Oregon School Funding Defense Foundation

You are here: Home > Background > Q & A

Background

Questions & Answers

Who are the attorneys, plaintiffs and defendants?

Attorneys: David H. Angeli, Robert Van Brocklin and James N. Westwood of Stoel Rives, LLP.

Plaintiffs: Pendleton, Crow-Applegate-Lorane, Eugene 4J, Coos Bay, Corvallis, Three Rivers, Astoria, Creswell, Lincoln County, Siuslaw, Centennial, Amity, Reynolds, Coquille , Parkrose, Pine Eagle , Jefferson 14J and McKenzie School Districts as well as individual parents on behalf of their school age children. More about the plaintiffs

Defendants: At the time of filing, the defendants included both the State of Oregon and Oregon's legislative leadership. On August 24, 2006 in order to prevent the possibility of costly and time-consuming procedural motions, and quickly and efficiently resolve the constitutional merits of the case, the plaintiffs dropped the six named individual legislators from the lawsuit. The suit continues against the State of Oregon. Please refer to this August 24, 2006 Press Release

Who are the funders?

This effort is being funded by a broad coalition of organizations and individuals from the legal, business and education communities.

What is the legal strategy?

The claims are rooted firmly in two separate but equally powerful provisions of Oregon’s Constitution. Article VIII, Section 8 requires the Legislature to appropriate in each biennium a sum of money “sufficient to ensure that the state’s system of K-12 public education meets quality goals established by law.” Article VIII, Section 3 requires the Legislature to “provide by law for the establishment of a uniform and general system of Common schools.” The Legislature apparently doesn’t fully understand what its constitutional obligations are with respect to providing a quality education system. So we’re asking the court to clarify those obligations and to instruct the Legislature to fulfill them.

Can the courts enforce a decision upon the legislature?

That question has been raised in many of the 38 states where similar litigation has been filed. An overwhelming majority of courts in those states have recognized that the final authority to determine adherence to the Constitution resides with the Judiciary. In other contexts, the Oregon Supreme Court has similarly recognized that, although the Legislature has the constitutional authority to decide how to satisfy its constitutional obligations, the Judiciary has the final authority to determine whether those obligations have been satisfied.

What does this suit aim to accomplish?

We want Oregon schoolchildren to receive the quality education to which they are constitutionally entitled - the quality education that voters demanded by a 2-1 margin when they passed Measure 1 in 2000. That’s what we’re asking for in our Complaint - we want the Legislature to provide for the specific qualitative changes in our schools that are required to satisfy the quality goals established by law in Oregon.

What happens to funding for other vital state services?

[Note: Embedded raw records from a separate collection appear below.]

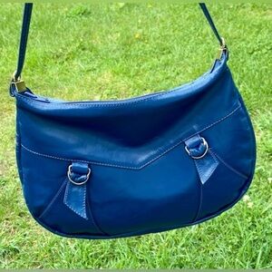 Women’s Isadora dark royal blue 100% genuine Leather crossbody purse thin strap
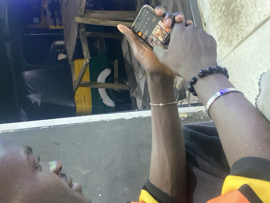 This image, taken in Jos, Nigeria, depicts a dark-skinned individual from the upper chest upwards, seated or crouching, engrossed in a smartphone
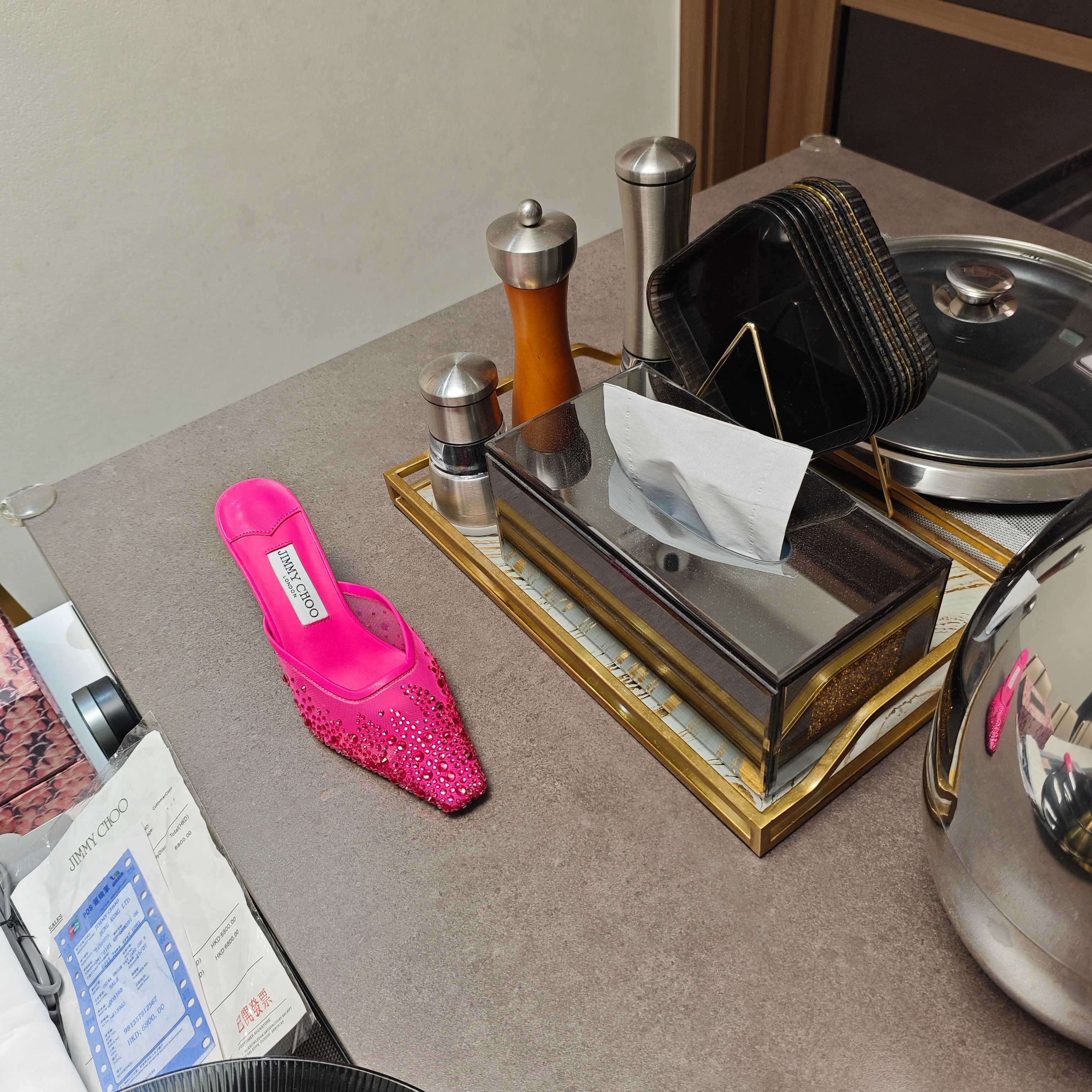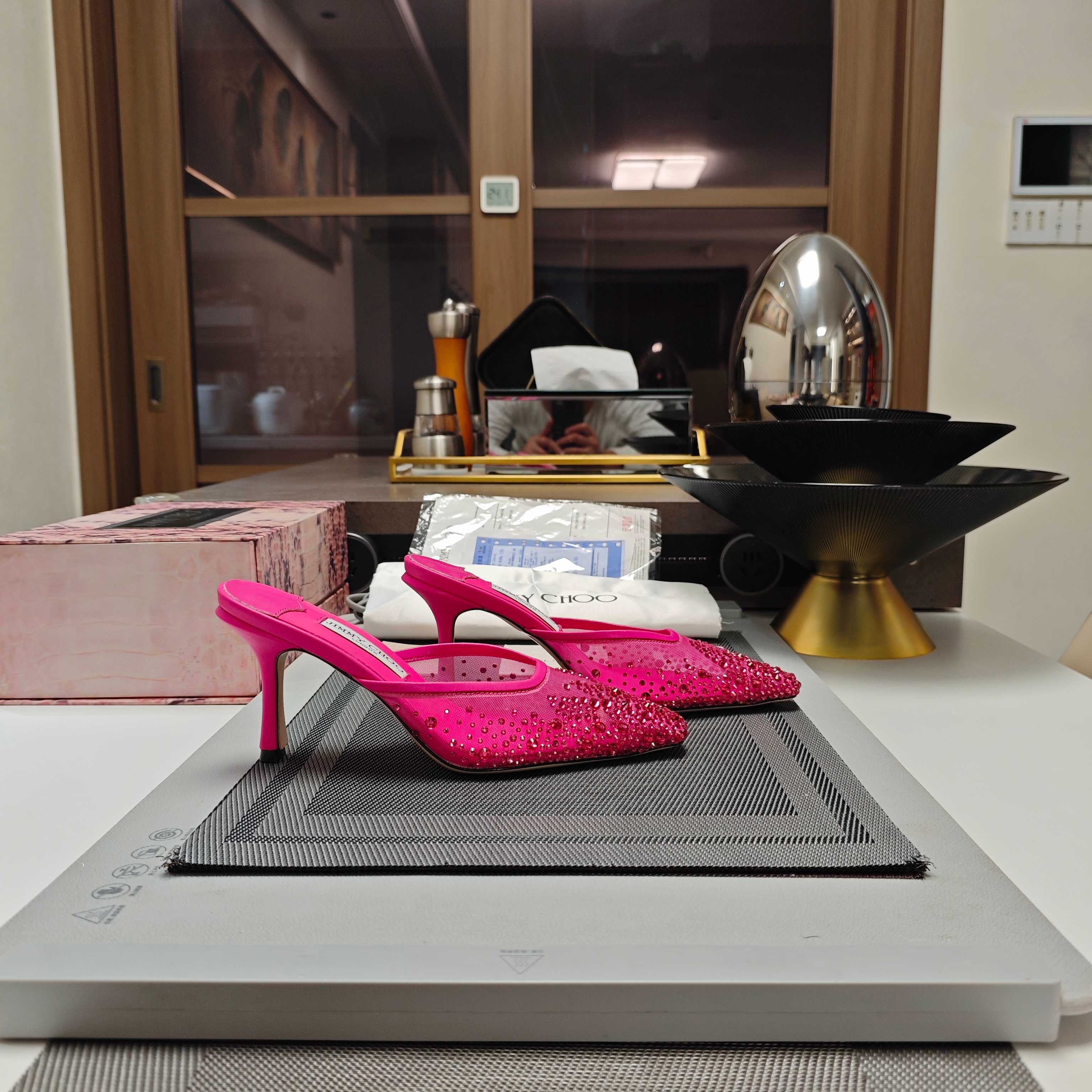 Jimmy 25 Vivi 100 Mule Deep Pink Mesh Gauze 240054

While we recognize the importance of many other state services, this is a legal action, not a policy debate. The Constitution imposes certain obligations on the Legislature, and compliance with those obligations is not optional. The Legislature must live up to its education funding obligations regardless of other demands, and regardless of whether the state’s economy is in a boom or a bust phase. Ultimately, the Legislature will have to make whatever policy choices are necessary to ensure that it satisfies its constitutional responsibilities. But simply abdicating those responsibilities is not an option.

Is the QEM (Quality Education Model) relevant?

From a legal perspective - and that is what this case is about - the QEM is not only relevant, it’s dispositive. Article VIII, Section 8 of the Oregon Constitution requires the Legislature to provide funding sufficient to attain the statutory quality goals established by the Legislature in 1991. The Legislature, in turn, vested the Quality Education Commission with the authority to determine - using the QEM - the specific qualitative changes that were required for our schools to attain those quality goals. The Legislature has never adopted an alternative standard.

Can’t the legislature just change the law?

The key point is that, whether or not the Legislature could change the law, it hasn’t. This case, like any other legal case, has to be decided based on what the law is, not what the law might be. Pursuant to statute, the Legislature may “make a determination that the report of the Quality Education Commission should not be used as the basis for carrying out” the Legislature’s reporting requirements. In that case, however, the Legislature must “identify the reasons for not using the report” and must “outline an alternative methodology” for making its findings, which must be based on “(A) research, data and public values; and (B) the performance of successful schools and/or professional judgment.” The Legislature has not done so. And at least with respect to the 2005-07 biennium, it’s too late.